** Activity **
Each line below is to be repeated exactly; any picture is to be left out.

** Raw data **

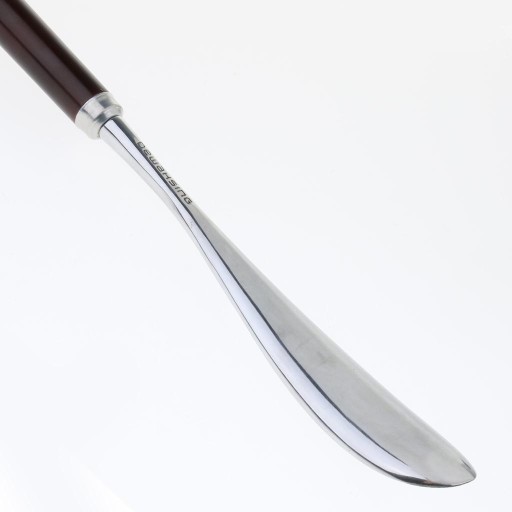 Podnośnik do butów Dolphin Head z długą metalową łyżką do butów z drewnianą rączką Schima w kolorze srebrnym
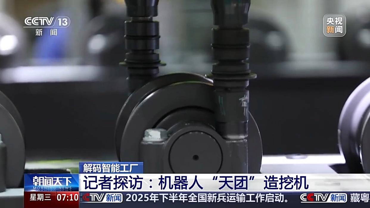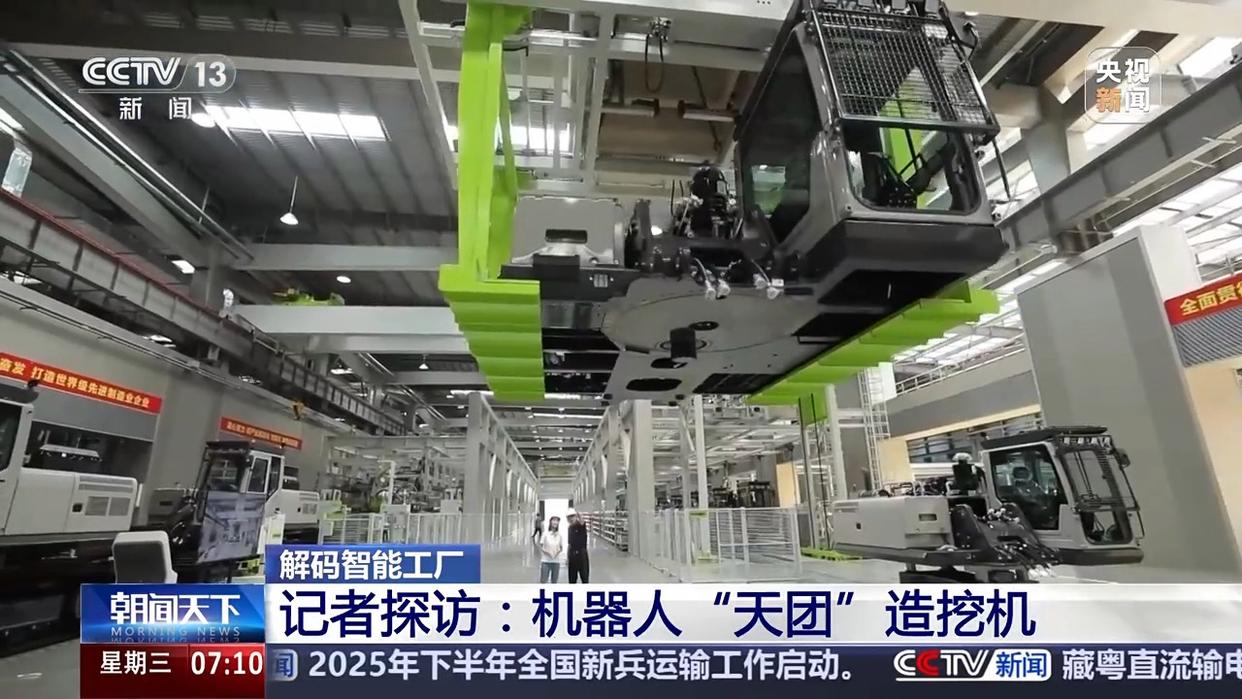总台央视记者 张丛婧:造挖掘机可能并不稀奇,但您见过机器人生产挖掘机吗?在这个智能工厂里,干活的主力军可都是各种类型的机器人,它们不仅可以自己搬东西,还能够这样进厂拧螺丝。这些赛博师傅们干活怎么样?咱们一起进厂看看。
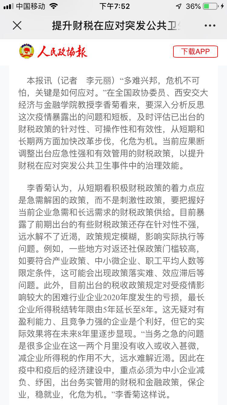 编者按:3月2日《人民政协报》刊发了赌博平台-线上赌博平台-正规赌博平台 教授、全国政协委员、民盟陕西省委副主委李香菊的采访,她就《提升财税在应对突发公共卫生事件中的治理效能》提出应出台具有应急性、阶段性、针对性强的减税降社保费和住房公积金政策;提高疫苗研发、生物制药等高科技企业所得税前研发加计扣除的比例等财税改革建议。
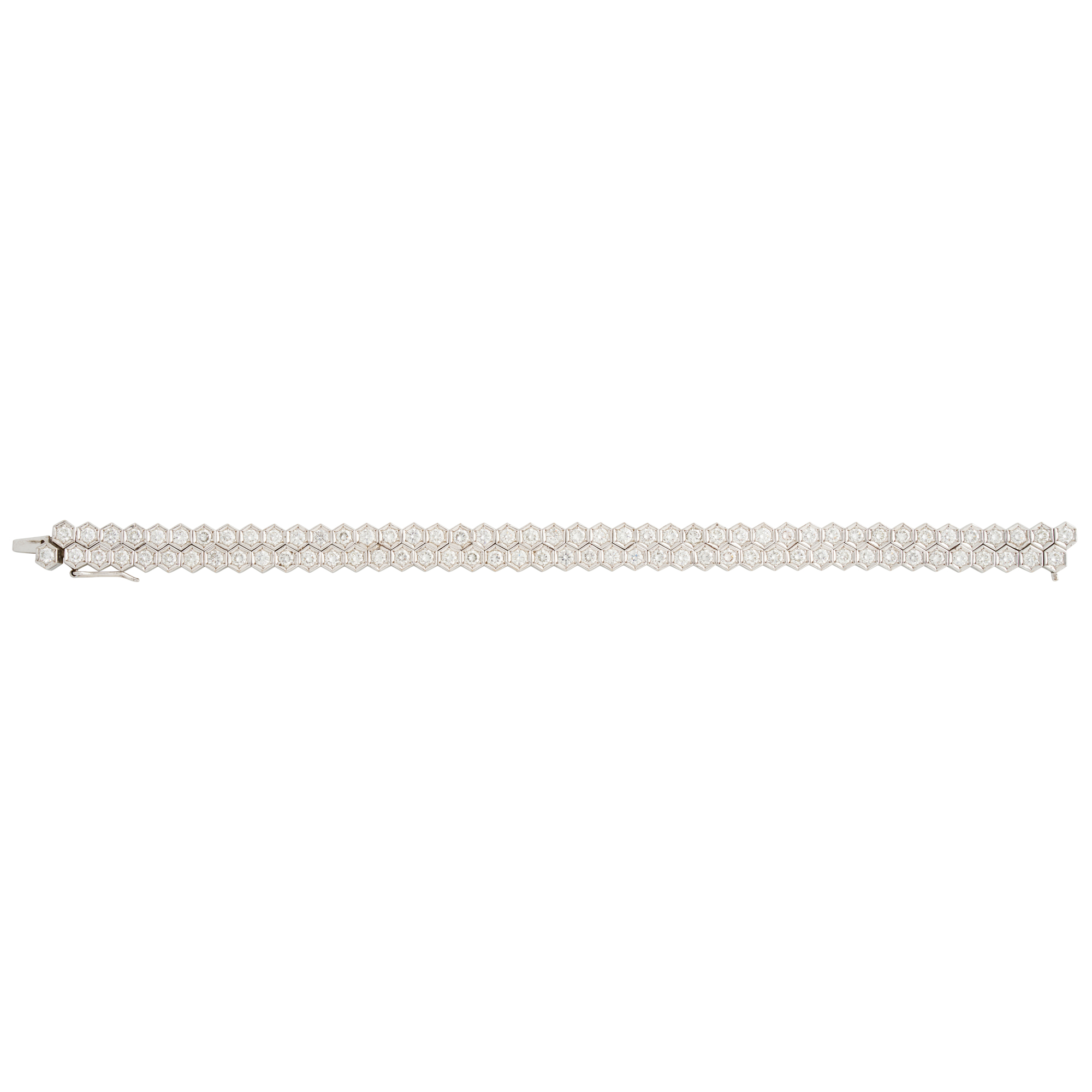 Designed as a double row of claw-set round brilliant-cut diamonds within honeycomb settings, together weighing approximately 7.00 carats, length 170mm, gross weight approximately 25.5 grams.

** Answer area **
 Podnośnik do butów Dolphin Head z długą metalową łyżką do butów z drewnianą rączką Schima w kolorze srebrnym
总台央视记者 张丛婧:造挖掘机可能并不稀奇,但您见过机器人生产挖掘机吗?在这个智能工厂里,干活的主力军可都是各种类型的机器人,它们不仅可以自己搬东西,还能够这样进厂拧螺丝。这些赛博师傅们干活怎么样?咱们一起进厂看看。
 编者按:3月2日《人民政协报》刊发了赌博平台-线上赌博平台-正规赌博平台 教授、全国政协委员、民盟陕西省委副主委李香菊的采访,她就《提升财税在应对突发公共卫生事件中的治理效能》提出应出台具有应急性、阶段性、针对性强的减税降社保费和住房公积金政策;提高疫苗研发、生物制药等高科技企业所得税前研发加计扣除的比例等财税改革建议。
 Designed as a double row of claw-set round brilliant-cut diamonds within honeycomb settings, together weighing approximately 7.00 carats, length 170mm, gross weight approximately 25.5 grams.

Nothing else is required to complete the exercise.